Third, they tried to shift attention away from hard numbers by introducing a new statistic: premises where there is construction commenced or completed. NBN Co's March 2012 media release promised that by 2015 "construction of the fibre optic component of the network will be under way or completed in areas containing 3.5 million premises". This statistic which is not used by private sector telecommunications companies such as Telstra and Optus is meaningless. They count a home as having construction commenced from the moment a contract instruction is issued to the contractor. But several further steps are required, including the Telstra commencement notice and the final contract instruction. On average, it will be 12 months before the work is completed. A fourth trick is to quote total subscriber numbers across fibre, wireless and satellite.

At the October estimates hearing, NBN Co said it had 24,000 customers.
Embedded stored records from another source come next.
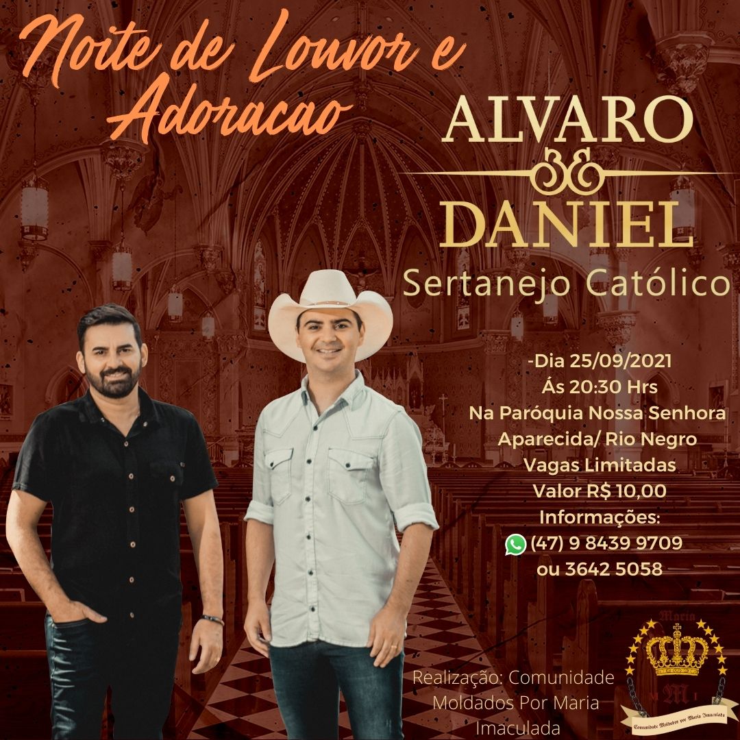 Rio Negro terá uma noite de louvor e adoração com Alvaro & Daniel, dupla que faz sucesso no sertanejo católico. O evento será no dia 25 de setembro às 20h30 na Paróquia Nossa Senhora Aparecida, no bairro Bom Jesus.
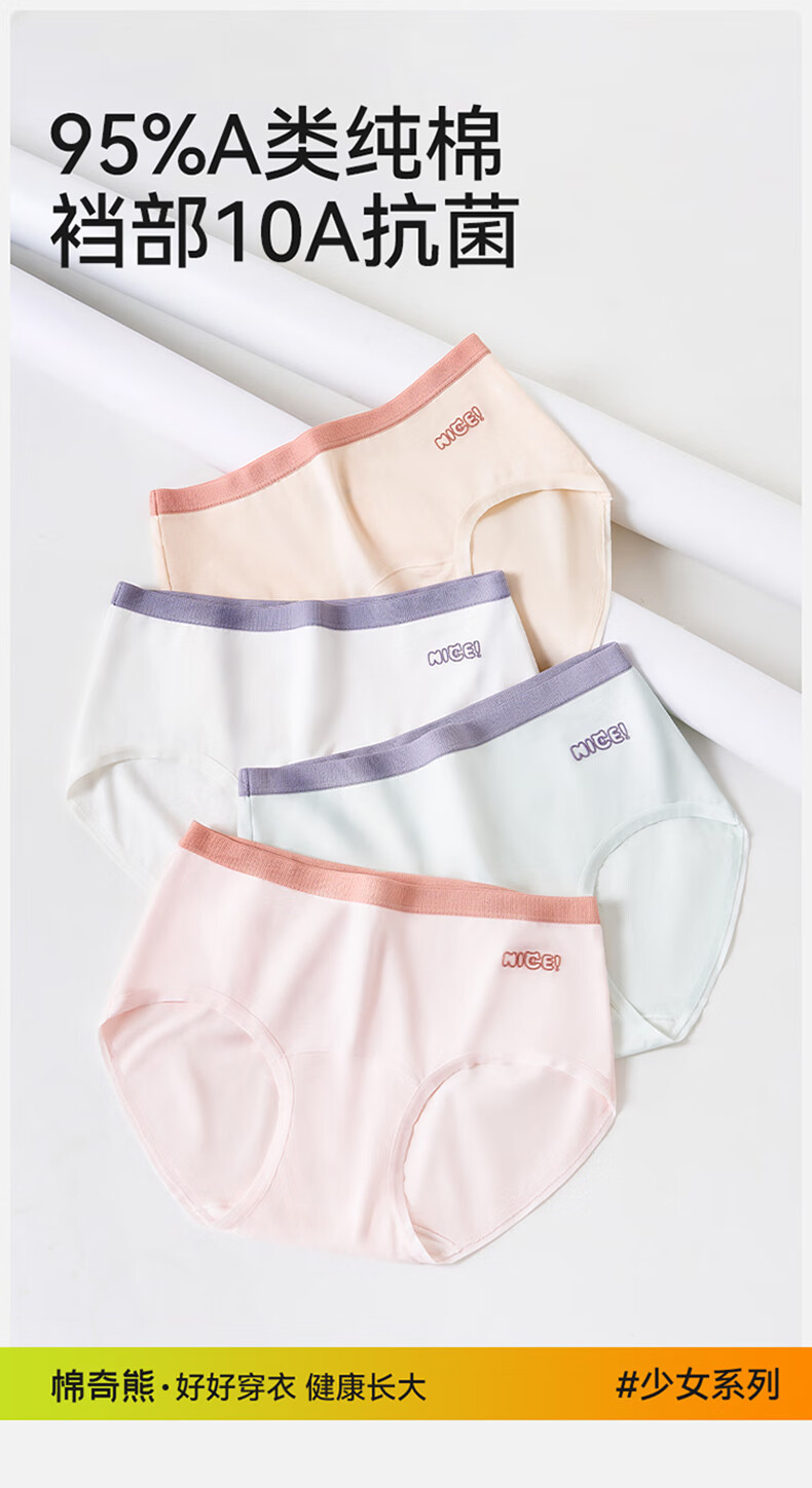 Mianqi Xiong Girls Underwear 2026 New Pure Cotton 10a Antibacterial Girls Briefs Full Cotton Girls Junior High School Student Shorts Q9806--4 Pack Class A Pure Cotton Breathable and Comfortable 165 - Weight 85-110 Jin Jin is equal to 0.5 kg
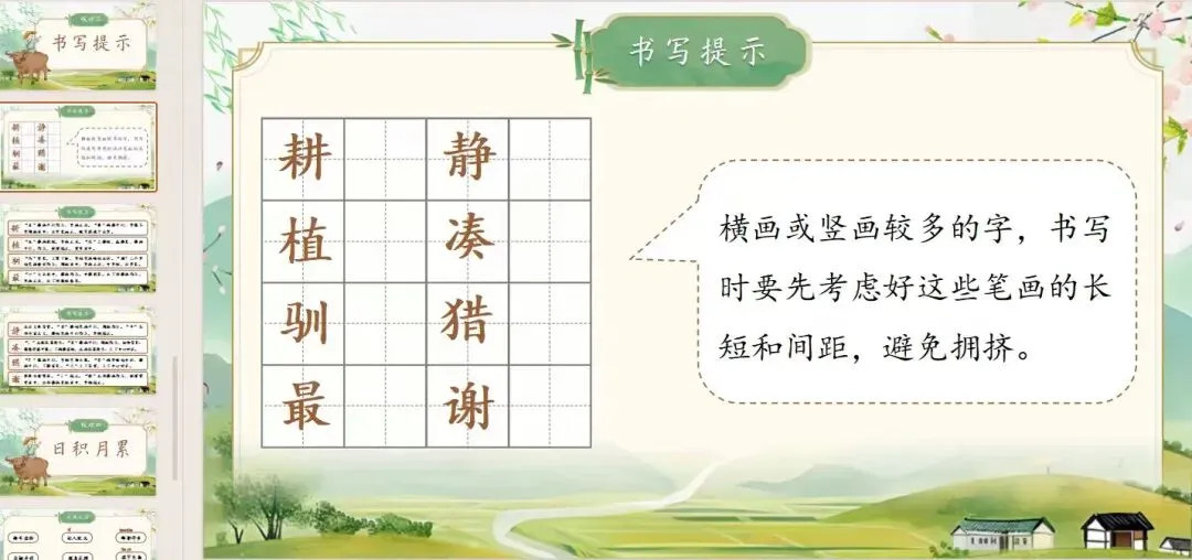 (1)横画或竖画较多的字,书写时要事先考虑好这些笔画的长短比例和距离,避免拥挤。
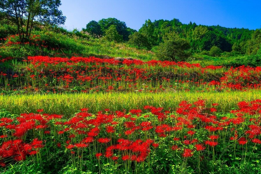 稲渕の棚田 いなぶちのたなだ 奈良県 平安から室町に開墾され日本の棚田100選にも選ばれている棚田に彼岸花が彩りを添えます。 Webサイト http://www.pref.nara.jp/42455.htm タグ検索 稲渕の棚田 ヒガンバナ 棚田 奈良県 関西 月 9月 都道府県 奈良県

But of these, 17,000 were on satellite and more than half of them were customers of an existing government program, dating back to Howard government days, to subsidise satellite broadband in rural and remote areas. The rollout is chewing up taxpayers' money at an alarming rate. By June 30 this year, $2.832 billion of taxpayers' money had been put into NBN as equity; of that more than $900 million had vapourised in three years of accumulated losses. (In 2011-12 alone, NBN Co lost $520m.) Total equity contributions entirely taxpayer funded are projected to reach $30.4bn by 2021. This is almost $3bn more than the Rudd-Gillard government had previously disclosed. NBN Co is splashing around money with abandon. It pays extremely generous salaries. Average remuneration cost per head was $172,000 in 2011-12, more than 50 per cent higher than the comparable figure at Telstra.

Yet it has barely any customers and barely any revenue. It earned less than $2m from providing telecommunications services in 2011-12. As we have seen with the home insulation program, the school halls program and many others, the Rudd-Gillard government is hopeless at program delivery and financial management. We are seeing the same pattern with the NBN. Anyone who wants to see Australia's broadband infrastructure upgraded in an efficient, cost-effective manner should be very alarmed.